*** TASK MATERIAL ***
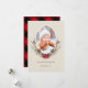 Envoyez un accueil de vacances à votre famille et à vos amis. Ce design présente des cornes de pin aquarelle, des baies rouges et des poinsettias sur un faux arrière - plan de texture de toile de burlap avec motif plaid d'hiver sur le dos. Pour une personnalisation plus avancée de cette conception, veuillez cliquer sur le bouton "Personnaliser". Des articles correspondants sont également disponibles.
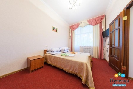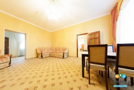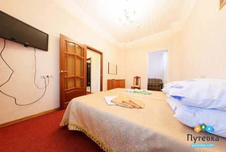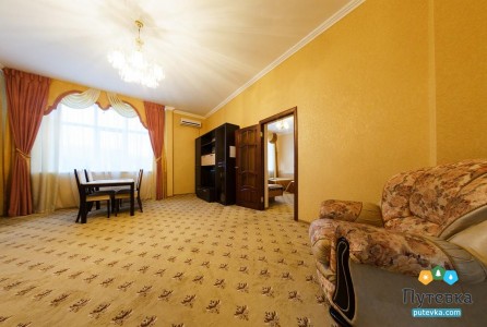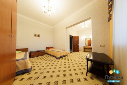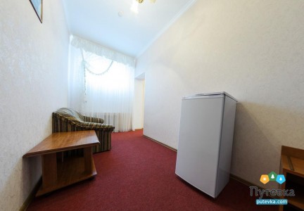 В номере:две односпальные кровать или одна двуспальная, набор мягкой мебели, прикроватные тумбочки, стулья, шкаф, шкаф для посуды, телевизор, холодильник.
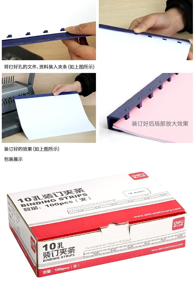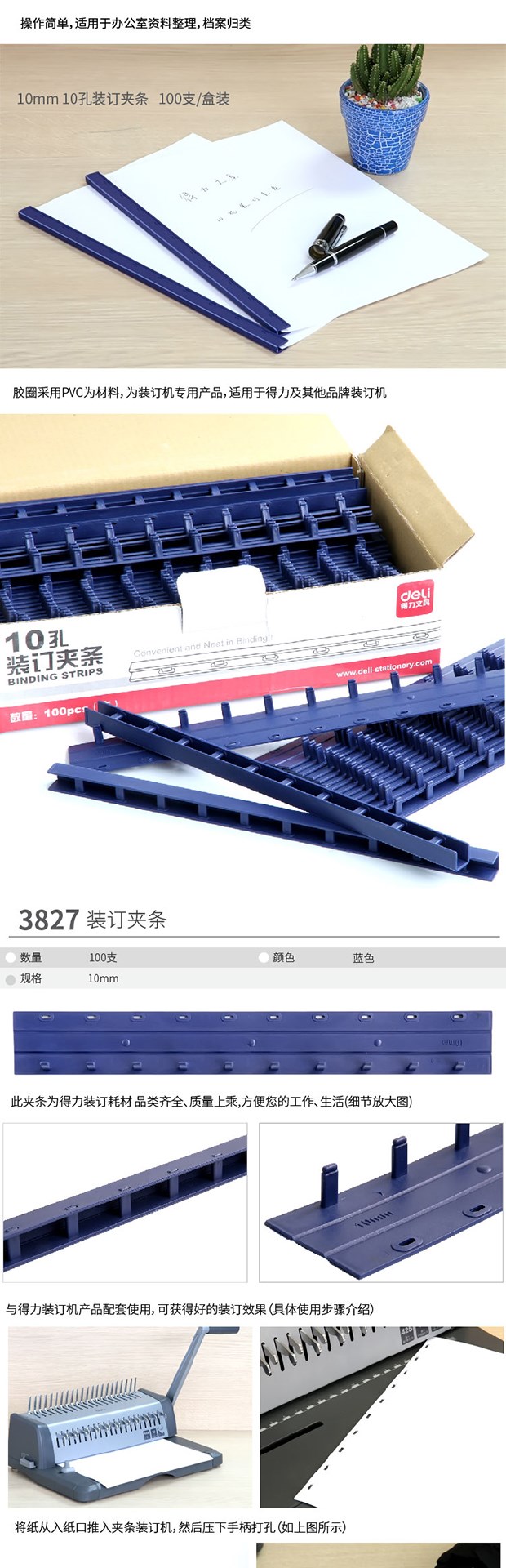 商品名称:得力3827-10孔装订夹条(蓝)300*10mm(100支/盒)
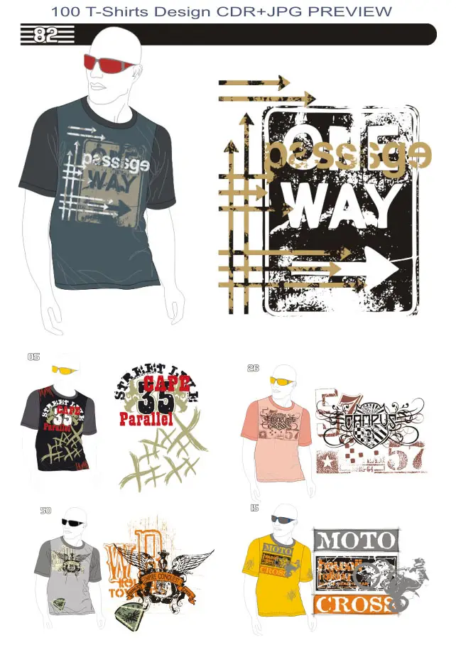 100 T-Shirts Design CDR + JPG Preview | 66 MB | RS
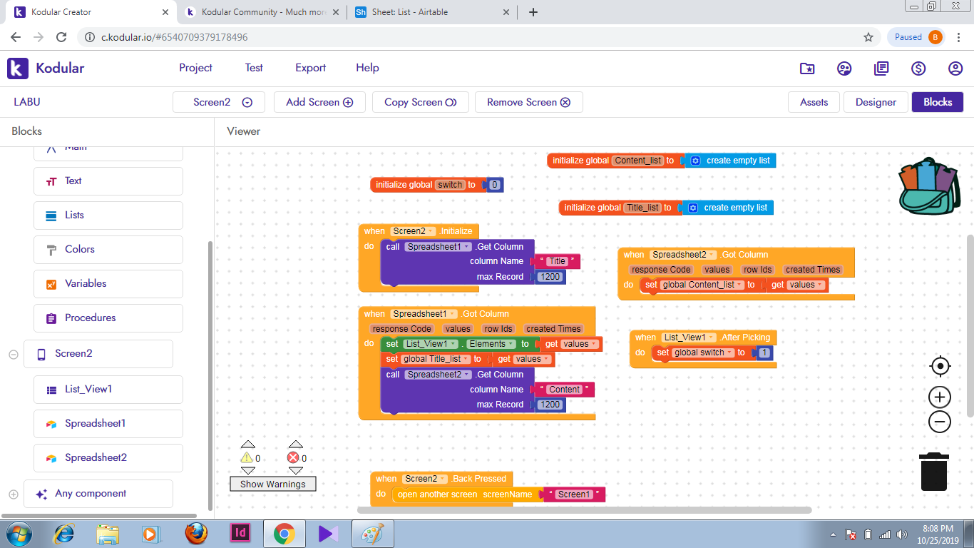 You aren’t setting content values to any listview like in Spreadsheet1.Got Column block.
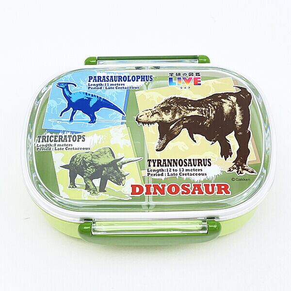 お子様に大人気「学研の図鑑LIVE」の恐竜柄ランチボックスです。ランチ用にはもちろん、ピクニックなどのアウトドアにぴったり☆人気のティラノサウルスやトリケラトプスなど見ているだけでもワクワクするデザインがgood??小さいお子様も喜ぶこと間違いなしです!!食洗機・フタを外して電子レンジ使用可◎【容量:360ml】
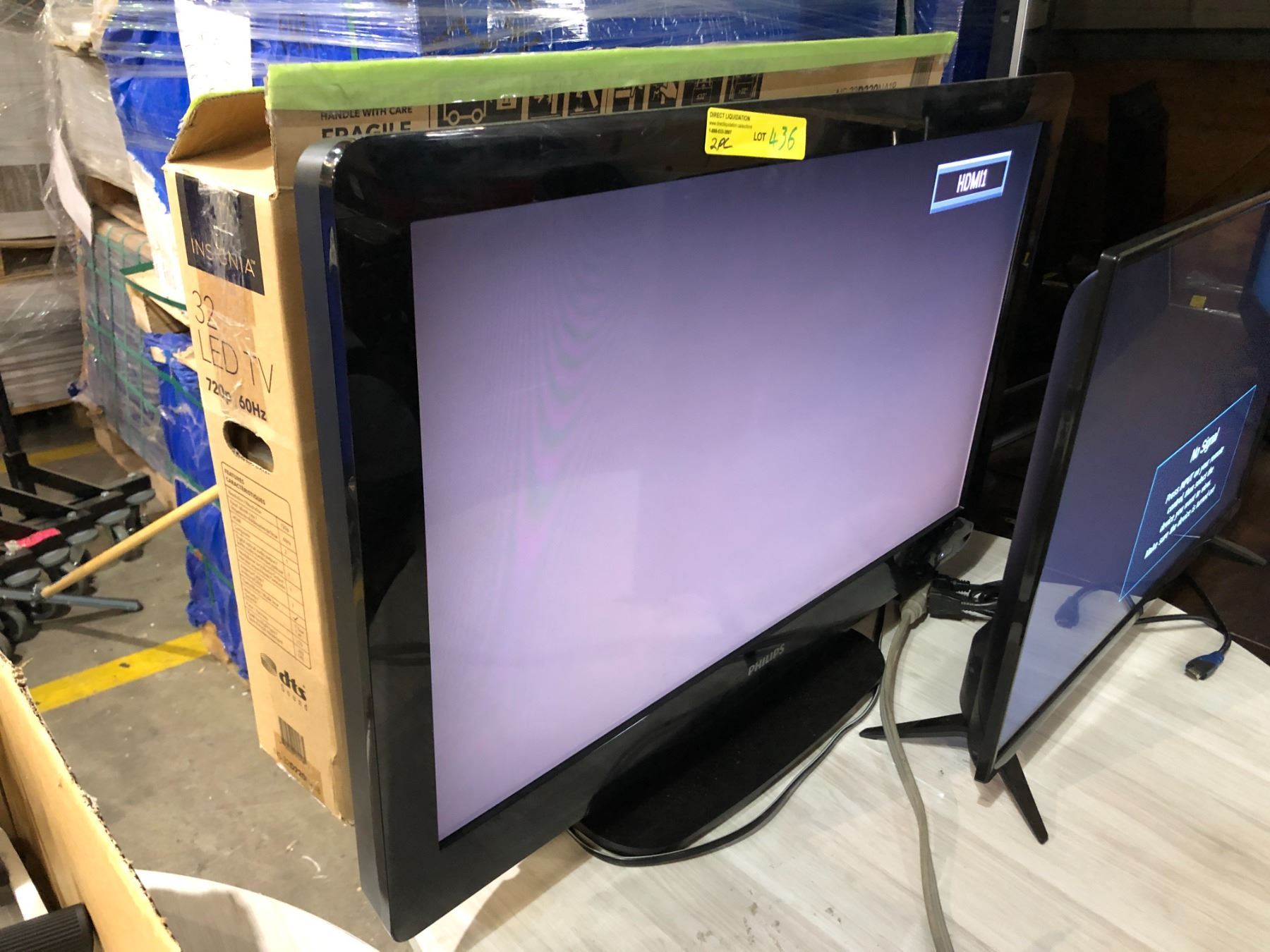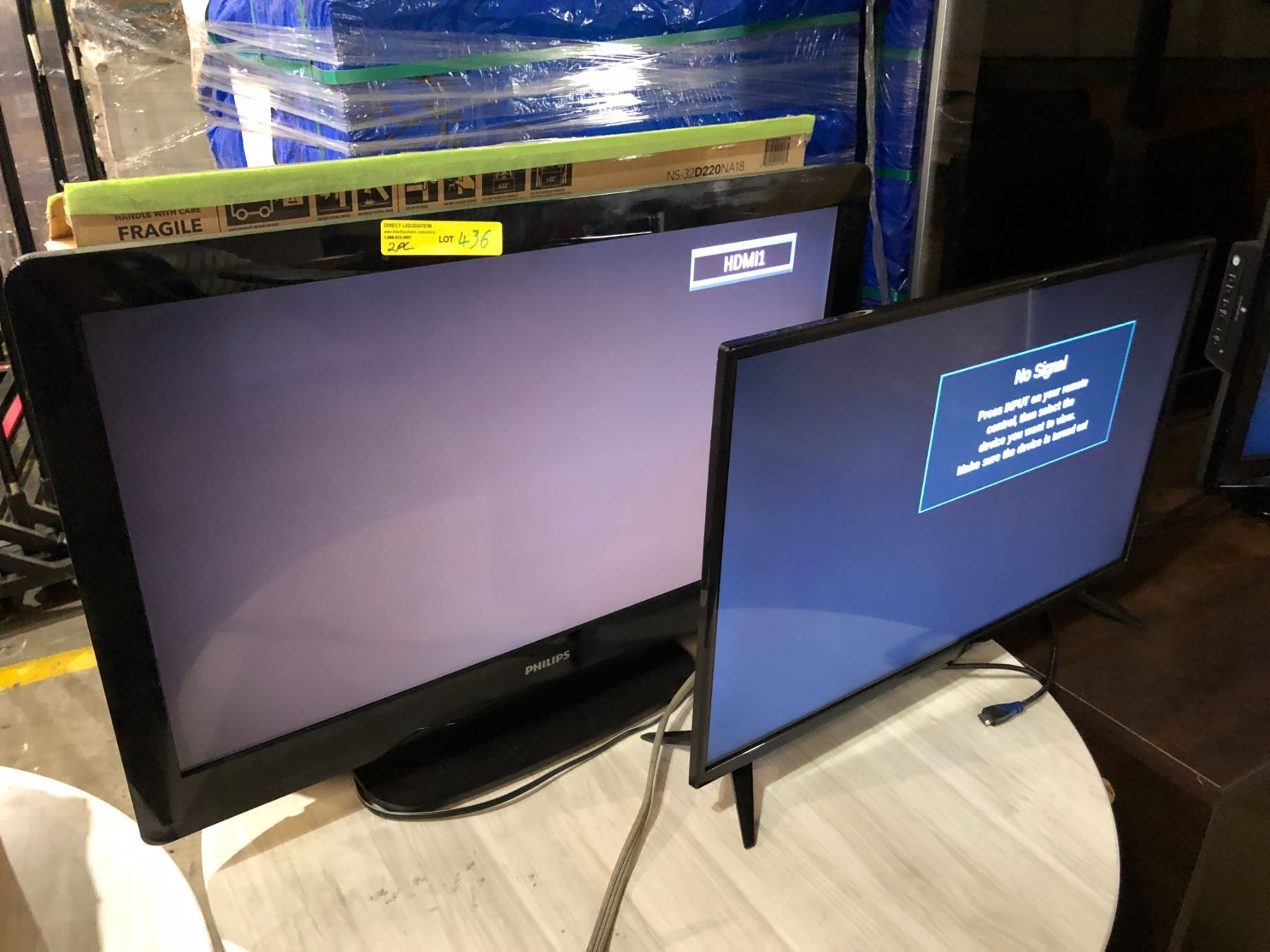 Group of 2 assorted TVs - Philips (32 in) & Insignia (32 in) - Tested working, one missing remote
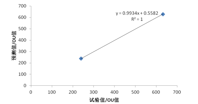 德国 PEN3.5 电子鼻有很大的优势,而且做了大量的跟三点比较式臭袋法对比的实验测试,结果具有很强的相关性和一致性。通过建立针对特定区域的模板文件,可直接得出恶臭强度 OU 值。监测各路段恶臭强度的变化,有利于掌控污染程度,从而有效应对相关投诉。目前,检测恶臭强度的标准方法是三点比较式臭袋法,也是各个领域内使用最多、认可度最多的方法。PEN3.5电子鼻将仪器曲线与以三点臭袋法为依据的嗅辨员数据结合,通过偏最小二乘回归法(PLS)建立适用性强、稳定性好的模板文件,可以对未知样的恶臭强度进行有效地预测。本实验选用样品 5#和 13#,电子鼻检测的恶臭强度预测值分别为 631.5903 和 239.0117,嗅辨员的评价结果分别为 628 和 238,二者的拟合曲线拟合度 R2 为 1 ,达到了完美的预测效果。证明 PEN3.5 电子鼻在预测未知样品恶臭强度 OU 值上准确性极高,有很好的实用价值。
*** End of TASK MATERIAL ***
WHAT TO PRODUCE:
Transcribe every record above exactly as written, leaving out any pictures.

EXERCISE ANSWER:
 Envoyez un accueil de vacances à votre famille et à vos amis. Ce design présente des cornes de pin aquarelle, des baies rouges et des poinsettias sur un faux arrière - plan de texture de toile de burlap avec motif plaid d'hiver sur le dos. Pour une personnalisation plus avancée de cette conception, veuillez cliquer sur le bouton "Personnaliser". Des articles correspondants sont également disponibles.
 В номере:две односпальные кровать или одна двуспальная, набор мягкой мебели, прикроватные тумбочки, стулья, шкаф, шкаф для посуды, телевизор, холодильник.
 商品名称:得力3827-10孔装订夹条(蓝)300*10mm(100支/盒)
 100 T-Shirts Design CDR + JPG Preview | 66 MB | RS
 You aren’t setting content values to any listview like in Spreadsheet1.Got Column block.
 お子様に大人気「学研の図鑑LIVE」の恐竜柄ランチボックスです。ランチ用にはもちろん、ピクニックなどのアウトドアにぴったり☆人気のティラノサウルスやトリケラトプスなど見ているだけでもワクワクするデザインがgood??小さいお子様も喜ぶこと間違いなしです!!食洗機・フタを外して電子レンジ使用可◎【容量:360ml】
 Group of 2 assorted TVs - Philips (32 in) & Insignia (32 in) - Tested working, one missing remote
 德国 PEN3.5 电子鼻有很大的优势,而且做了大量的跟三点比较式臭袋法对比的实验测试,结果具有很强的相关性和一致性。通过建立针对特定区域的模板文件,可直接得出恶臭强度 OU 值。监测各路段恶臭强度的变化,有利于掌控污染程度,从而有效应对相关投诉。目前,检测恶臭强度的标准方法是三点比较式臭袋法,也是各个领域内使用最多、认可度最多的方法。PEN3.5电子鼻将仪器曲线与以三点臭袋法为依据的嗅辨员数据结合,通过偏最小二乘回归法(PLS)建立适用性强、稳定性好的模板文件,可以对未知样的恶臭强度进行有效地预测。本实验选用样品 5#和 13#,电子鼻检测的恶臭强度预测值分别为 631.5903 和 239.0117,嗅辨员的评价结果分别为 628 和 238,二者的拟合曲线拟合度 R2 为 1 ,达到了完美的预测效果。证明 PEN3.5 电子鼻在预测未知样品恶臭强度 OU 值上准确性极高,有很好的实用价值。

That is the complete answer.